Aus dem Verhältnis dieser beiden Werte formt sich dann ein Bild, das Hinweise geben kann über den tatsächlichen Gesundheitszustand der Bevölkerung, sagt Dodds. Denn in der Studie haben die Forscher ihre Ergebnisse aus dem Lexicokalorimeter verglichen mit anderen verfügbaren Gesundheitsdaten und festgestellt - es gibt eine Korrelation. Heißt: Das, was die Leute twittern über Essen und Sport, passt zu dem, was andere Untersuchungen über ihren Gesundheitszustand ergeben, zum Beispiel über Diabetes und Fettleibigkeit.

Das wäre dann nicht nur für Weight Watcher oder Athleten interessant, sondern auch für Gesundheitsministerien, Bürgermeister, Ärzte oder Epidemiologen.

Vermont liebt Speck

Nach dem Lexicocalorimeter werden in Vermont zum Beispiel mehr Kalorien "getwittert“als in allen anderen Staaten der USA. Der Grund: Bacon, Speck. Vermonter lieben es über Speck zu tweeten, sagt Chris Danforth, ein Mathematiker, der an der Studie beteiligt war. Auf der anderen Seite twittern die Vermonter auch viel übers Skifahren, Laufen oder Schlittenfahren - Aktivitäten also, die viele Kalorien verbrauchen. Das Lexicocalorimeter sagt auch, dass in New Jersey die wenigsten Kalorien verbrannt werden. Denn dort wird weniger über "running" getweeted sondern mehr über so genannte "low-intensity activities" wie zum Beispiel "getting my nails done."

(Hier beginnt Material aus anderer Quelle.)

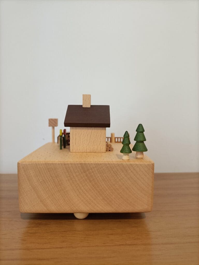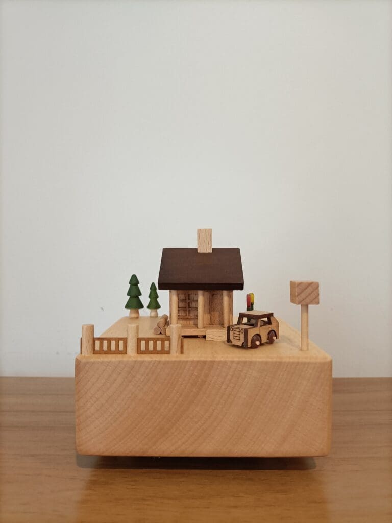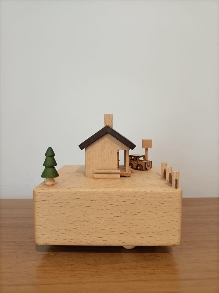 Wooden cabin theme, wind up with on off switch, and magnetic drive around car.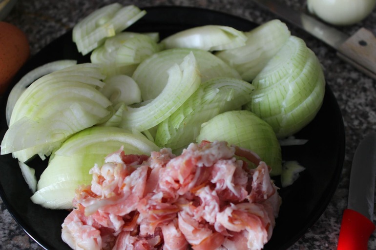 Нарезаем лук и бекон (можно без него)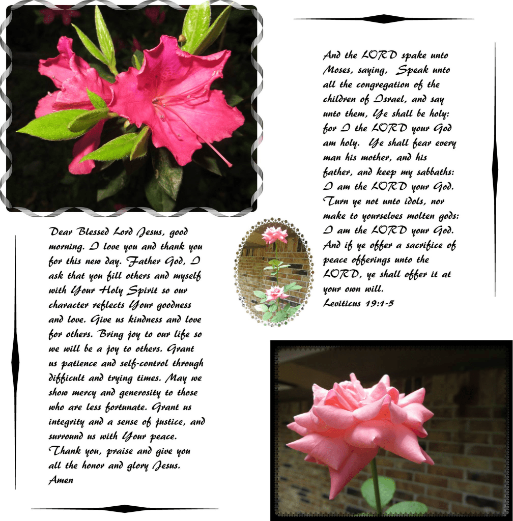 Dear Blessed Lord Jesus, good morning. I love you and thank you for this new day. Father God, I ask that you fill others and myself with Your Holy Spirit, so our character reflects Your goodness and love. Give us kindness and love for others. Bring joy to our life so we will be a joy to others. Grant us patience and self-control through difficult and trying times. May we show mercy and generosity to those who are less fortunate. Grant us integrity and a sense of justice, and surround us with Your peace. Thank you, praise and give you all the honor and glory Jesus. Amen.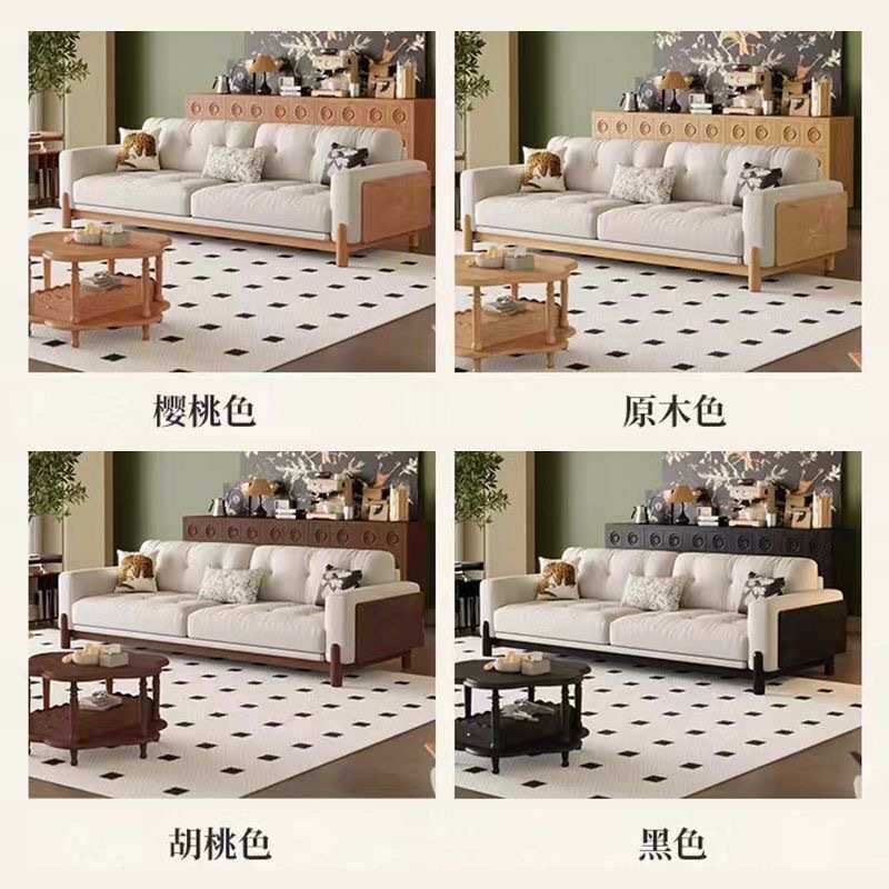 法式中古风原木沙发客厅日式白蜡木纹实木大小户型灯芯绒现代沙发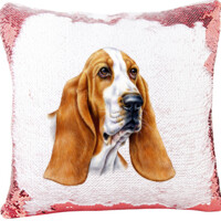 Basset Hound Dog Portrait on a Sequin Pillow
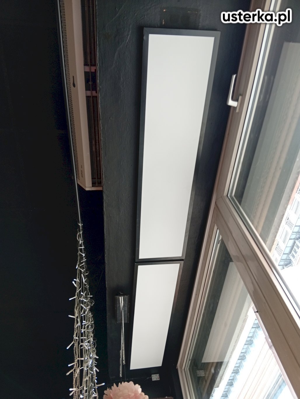 Wymiana dwóch żarówek, ponowne zamocowanie karnisza (wiercenie i montaż) oraz montaż osłony balkonowej.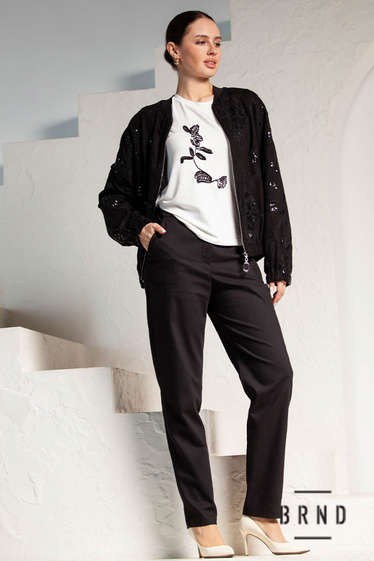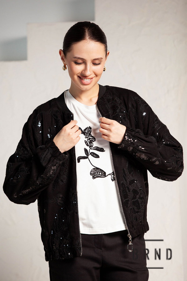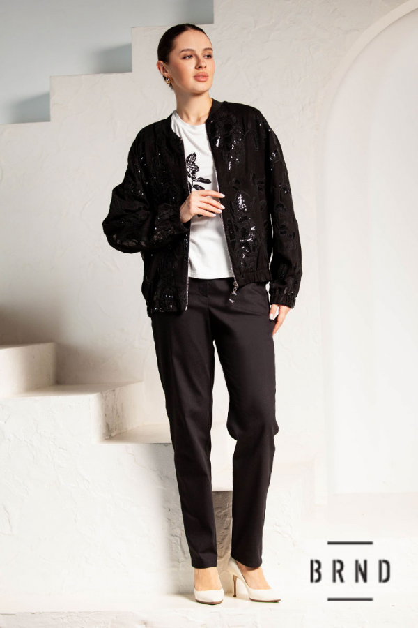 Состав: бомбер и брюки-лен 100%; футболка-хлопок 65%, спандекс 35%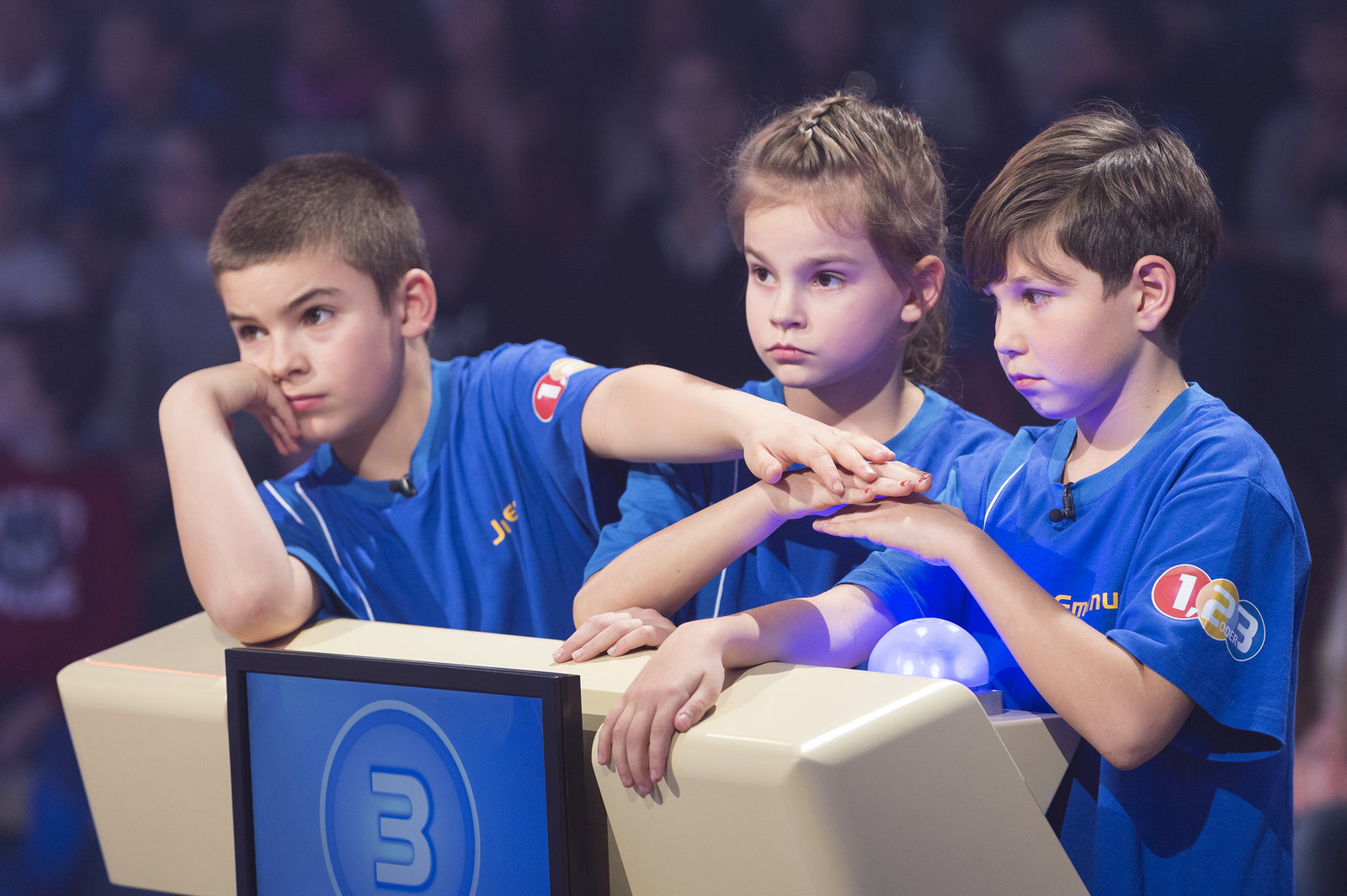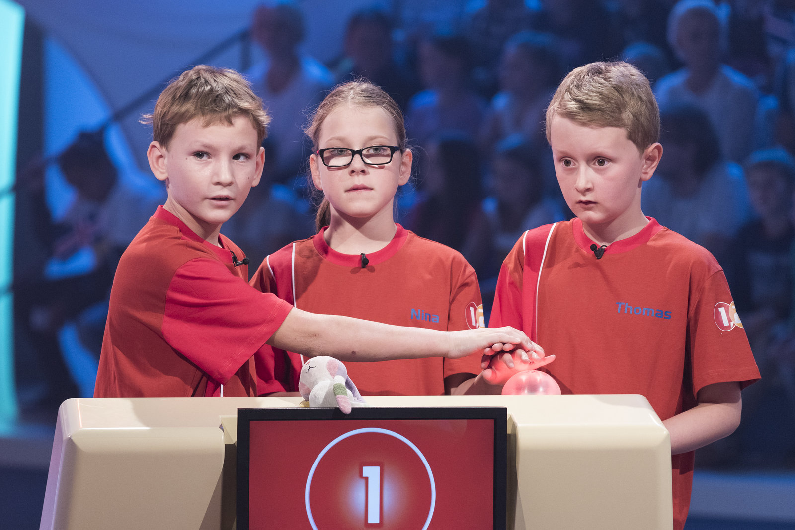 Eltons MärchenstundeDie Kandidaten aus Magdeburg/Deutschland warten auf die nächste Buzzer-Frage.Bild: © ZDF und Ralf Wilschewski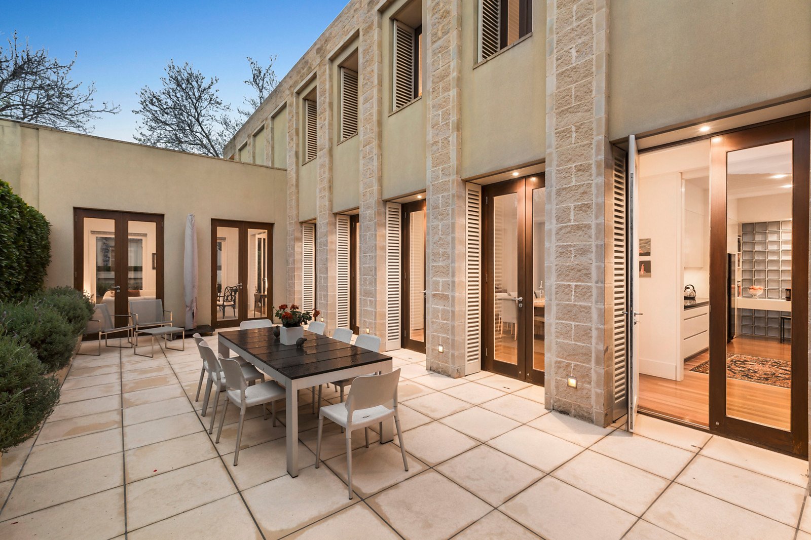 Exclusively situated in a tranquil pocket close to elite schools, Toorak station, Beatty Ave, Hawksburn Village and Orrong Park, it is comprehensively appointed with zoned alarm, hydronic heating, air-conditioning, ducted vacuum, recessed external shutters, Corian laundry, irrigation, an abundance of storage and auto gates. Land: 634sqm approx.

Grundsätzlich ist es jedoch schwierig, sagt auch Peter Dodds, zuverlässige Daten über den Gesundheitszustand einer ganzen Bevölkerung zu erheben. Denn es spielen viele verschiedene Faktoren mit hinein und die Möglichkeiten, Daten zu erheben für eine ganze Bevölkerung sind begrenzt. Daher ist es vielversprechend, Daten aus sozialen Netzwerken für solche Erhebungen zu nutzen.